Segment Start: Supplied records

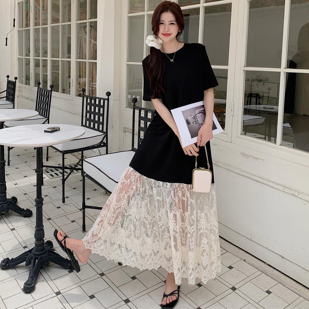 Dimanaf Vestido de verano de talla grande para mujer, holgado, vintage, informal, básico, de gran tamaño, con encaje empalmado, largo, 2025
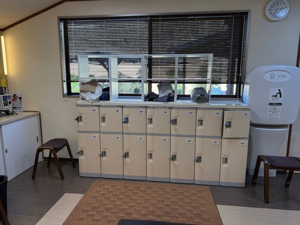 脱衣所は鍵付きロッカーですが、ロッカーの大きさが小さいです。
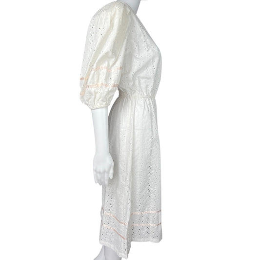 Vintage 1970s Seneca White Eyelet Floral Lace Prairie Midi Dress Puff Sleeves Pink Ribbon Women’s Small
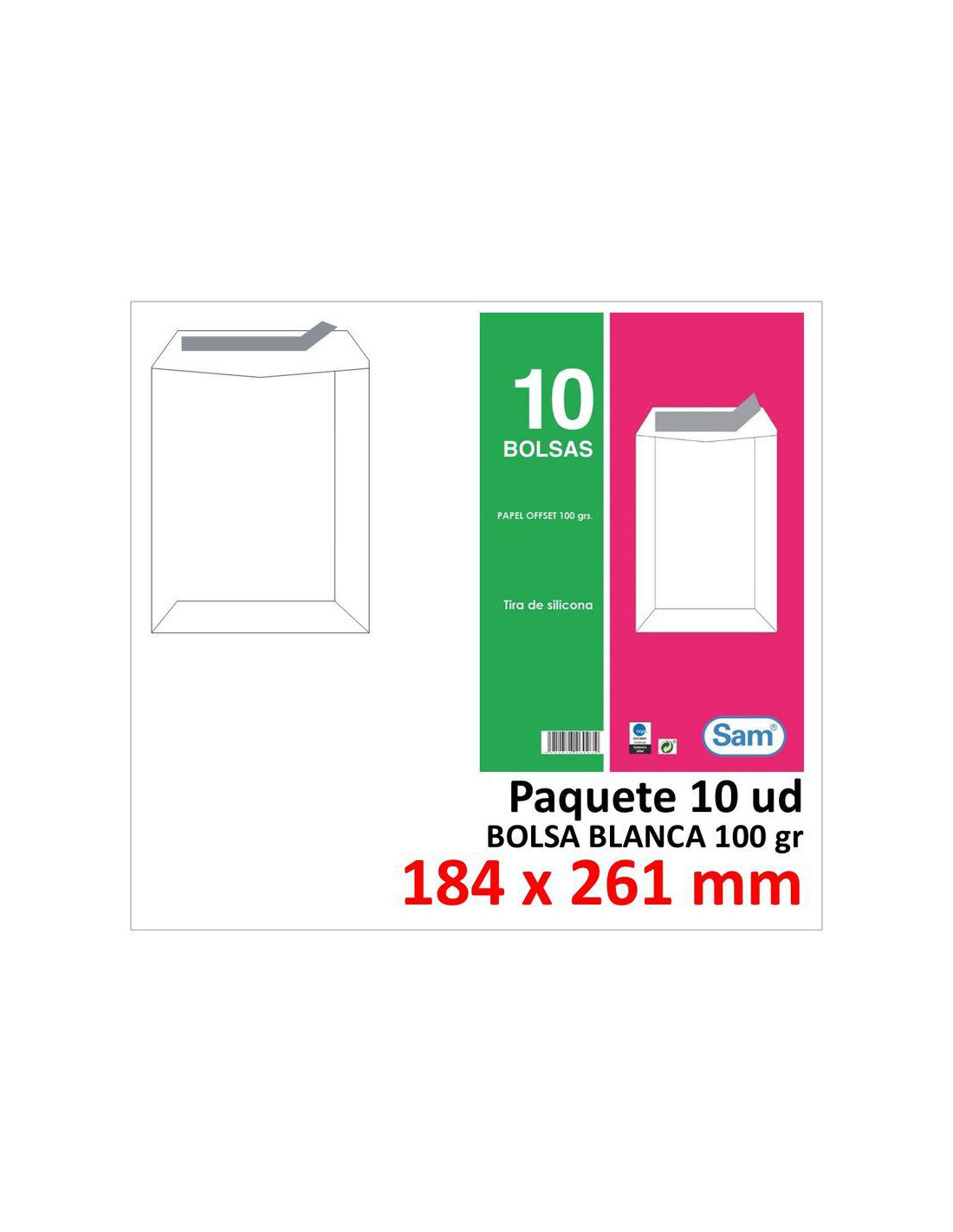 BOLSA DE PAPEL SAM BLANCA 184X261 MM AUTOPEGUE PAQUETE 10 UDS
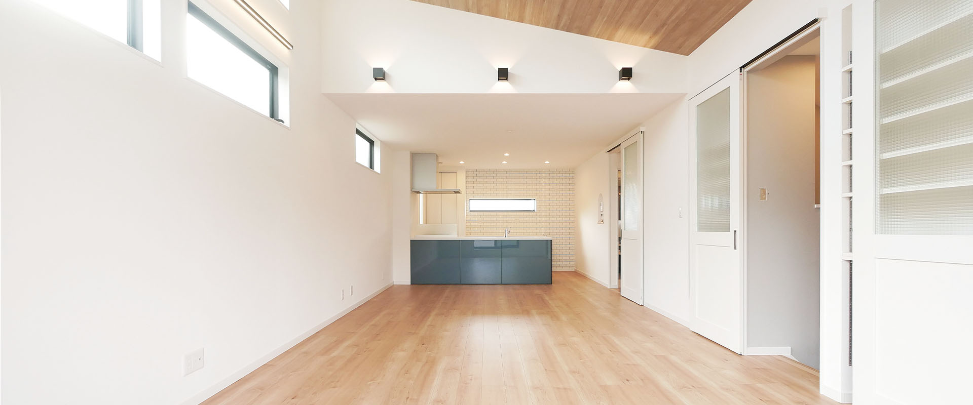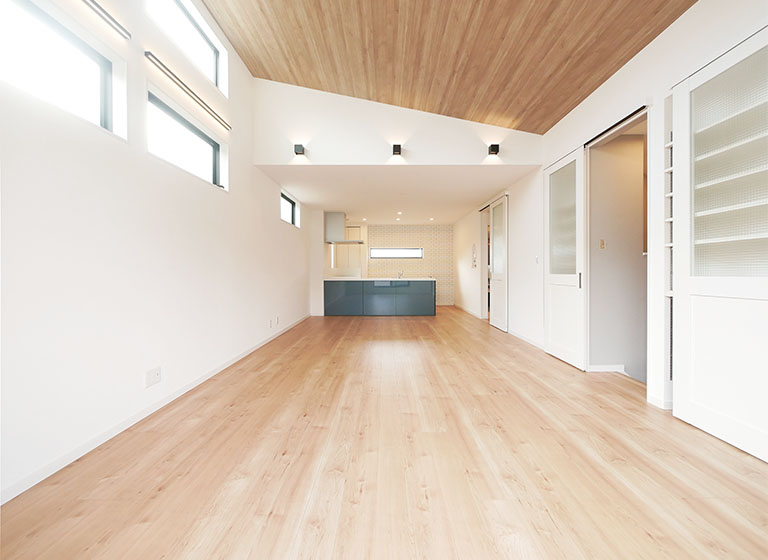 バルコニーからの採光にも恵まれたリビングは、解放感のある勾配天井。床・天井の木目が、建具・壁紙のあたたかみのある白と相まって、一体感のあるLDKの中でもリビングだけの特別感を演出します。
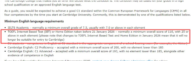 根据剑桥大学官方公告,只有2025年12月31日及之前考取的托福成绩(包括家庭版)才被认可,且需要满足总分不低于110分、单项不低于25分。而2026年1月1日起,所有新版托福考试成绩将不再适用于剑桥大学本科课程的申请。
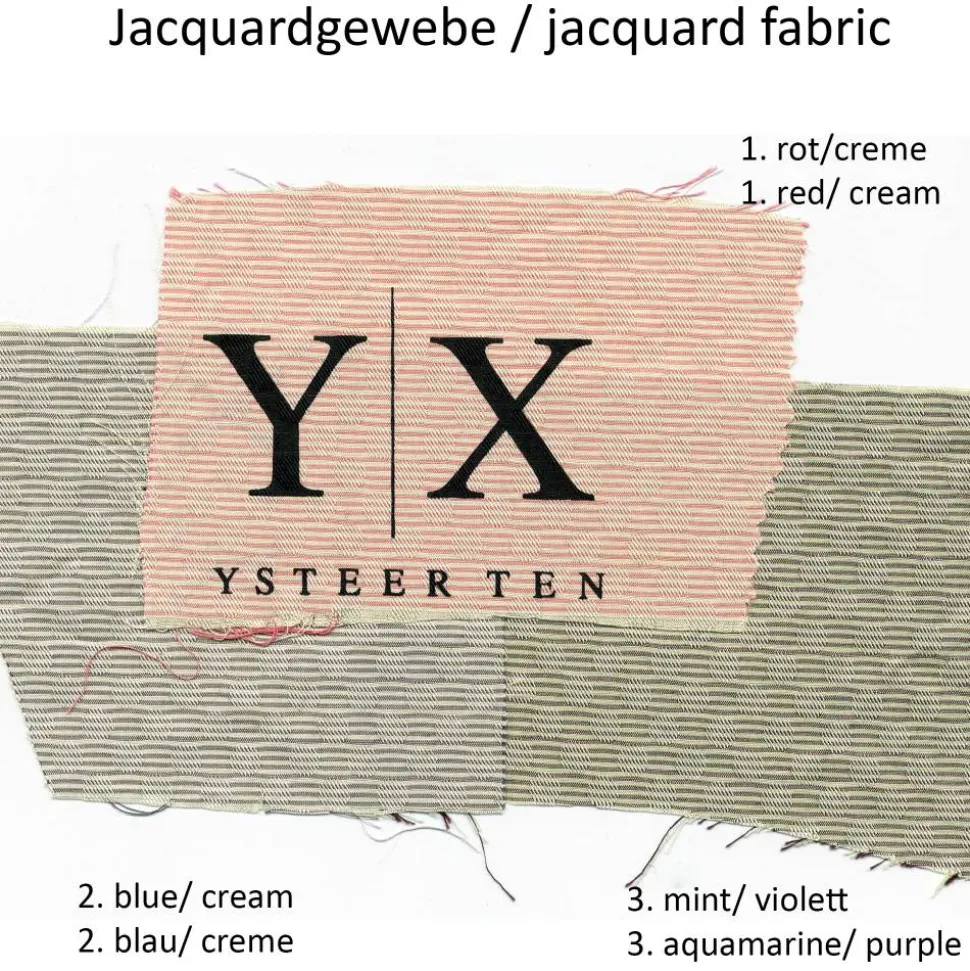 Jacquardgewebe in 1. rot/ creme, 2. blau/ creme oder 3. mint/violett: 90% Baumwolle, 10% Polyester (feiner italienischer Stoff mit mattem Glanz)
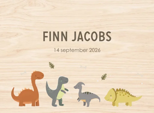 Hippe houten box als kraamcadeau of voor je eigen kindje. Deze houten herinneringskist is perfect voor spulletjes uit de zwangerschap en babytijd. Op deze kist zijn dino's te zien met de naam en geboortedatum van het kleintje. Pas de memorybox eenvoudig zelf aan.
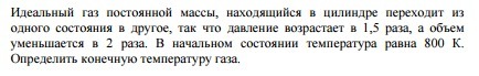 Идеальный газ постоянной массы, находящийся в цилиндре переходит из
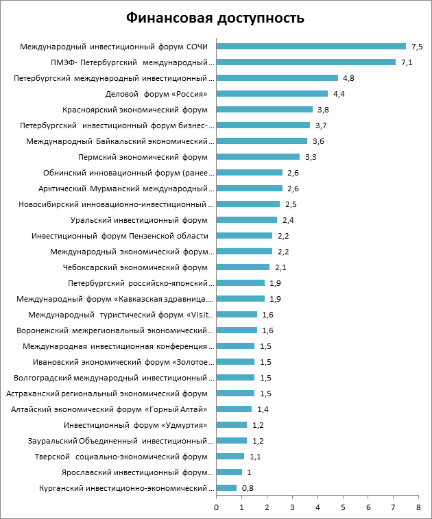 Рис.4. Финансовая доступность региональных форумов (баллы).
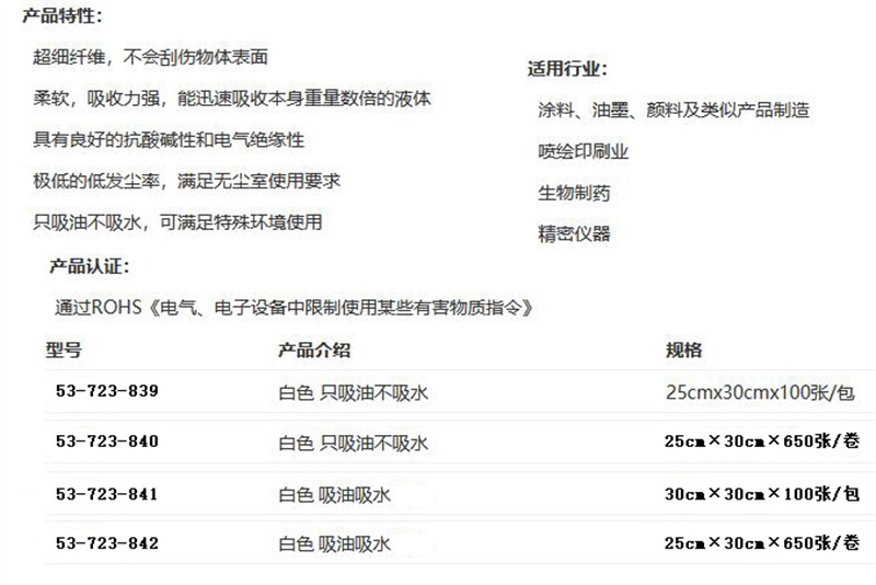 ·擦拭后不易留毛尘,满足无尘室环境需求,
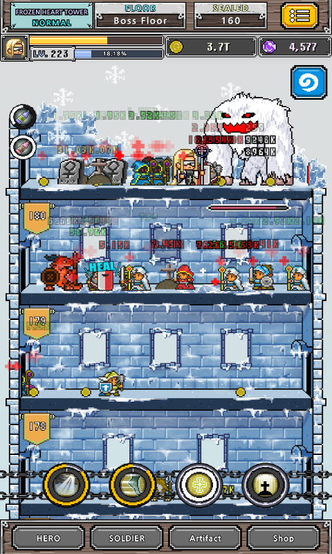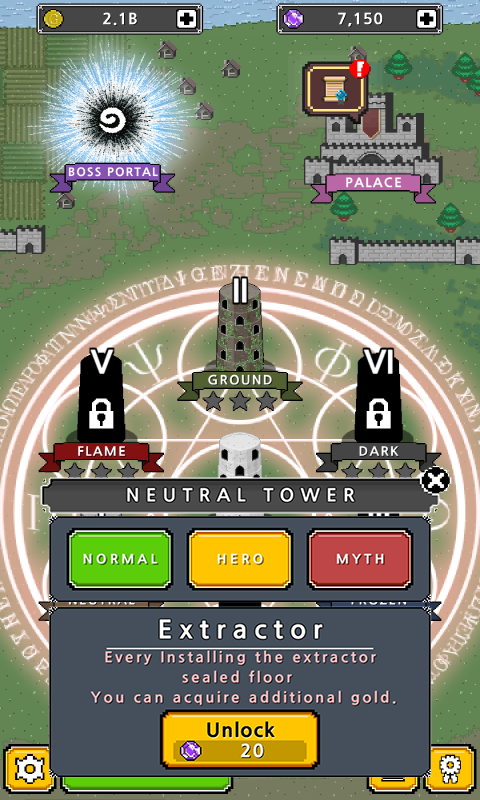 : Normal, Hero, and Legend modes are available. A powerful boss monster waits at the top of each tower.
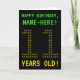 På framsidan av den här sortens redigerbara födelsedagskortsdesign finns meddelandena "GRATTIS PÅ FÖDELSEDAGEN" och "11 ÅRS GLD!", tillsammans med en personlig som tar emot namn. Meddelandena på framsidan har ett utseende som inspirerats av pixelstyrda retrovideospel. Siffrorna för det stora talet "11" på framsidan består av mindre stora "1"-siffror, ge och ASCII-konst inspirerade till utseende. Insidan innehåller ett meddelande om anpassadets födelsedag hälsning. Ett nervöst hälsningskort i stil, anpassadets födelsedagskalender som detta kan vara ett fånig för att hedra minnet av någons elfte födelsedag. [~Z0000366]

Segment End: Supplied records

▶ [Brief] Would you transcribe, exactly and only, the lines from the one that contains "根据剑桥大学官方公告,只有2" through the last line of the data above, without any pictures?

▶ [Response for this exercise]
 根据剑桥大学官方公告,只有2025年12月31日及之前考取的托福成绩(包括家庭版)才被认可,且需要满足总分不低于110分、单项不低于25分。而2026年1月1日起,所有新版托福考试成绩将不再适用于剑桥大学本科课程的申请。
 Jacquardgewebe in 1. rot/ creme, 2. blau/ creme oder 3. mint/violett: 90% Baumwolle, 10% Polyester (feiner italienischer Stoff mit mattem Glanz)
 Hippe houten box als kraamcadeau of voor je eigen kindje. Deze houten herinneringskist is perfect voor spulletjes uit de zwangerschap en babytijd. Op deze kist zijn dino's te zien met de naam en geboortedatum van het kleintje. Pas de memorybox eenvoudig zelf aan.
 Идеальный газ постоянной массы, находящийся в цилиндре переходит из
 Рис.4. Финансовая доступность региональных форумов (баллы).
 ·擦拭后不易留毛尘,满足无尘室环境需求,
 : Normal, Hero, and Legend modes are available. A powerful boss monster waits at the top of each tower.
 På framsidan av den här sortens redigerbara födelsedagskortsdesign finns meddelandena "GRATTIS PÅ FÖDELSEDAGEN" och "11 ÅRS GLD!", tillsammans med en personlig som tar emot namn. Meddelandena på framsidan har ett utseende som inspirerats av pixelstyrda retrovideospel. Siffrorna för det stora talet "11" på framsidan består av mindre stora "1"-siffror, ge och ASCII-konst inspirerade till utseende. Insidan innehåller ett meddelande om anpassadets födelsedag hälsning. Ett nervöst hälsningskort i stil, anpassadets födelsedagskalender som detta kan vara ett fånig för att hedra minnet av någons elfte födelsedag. [~Z0000366]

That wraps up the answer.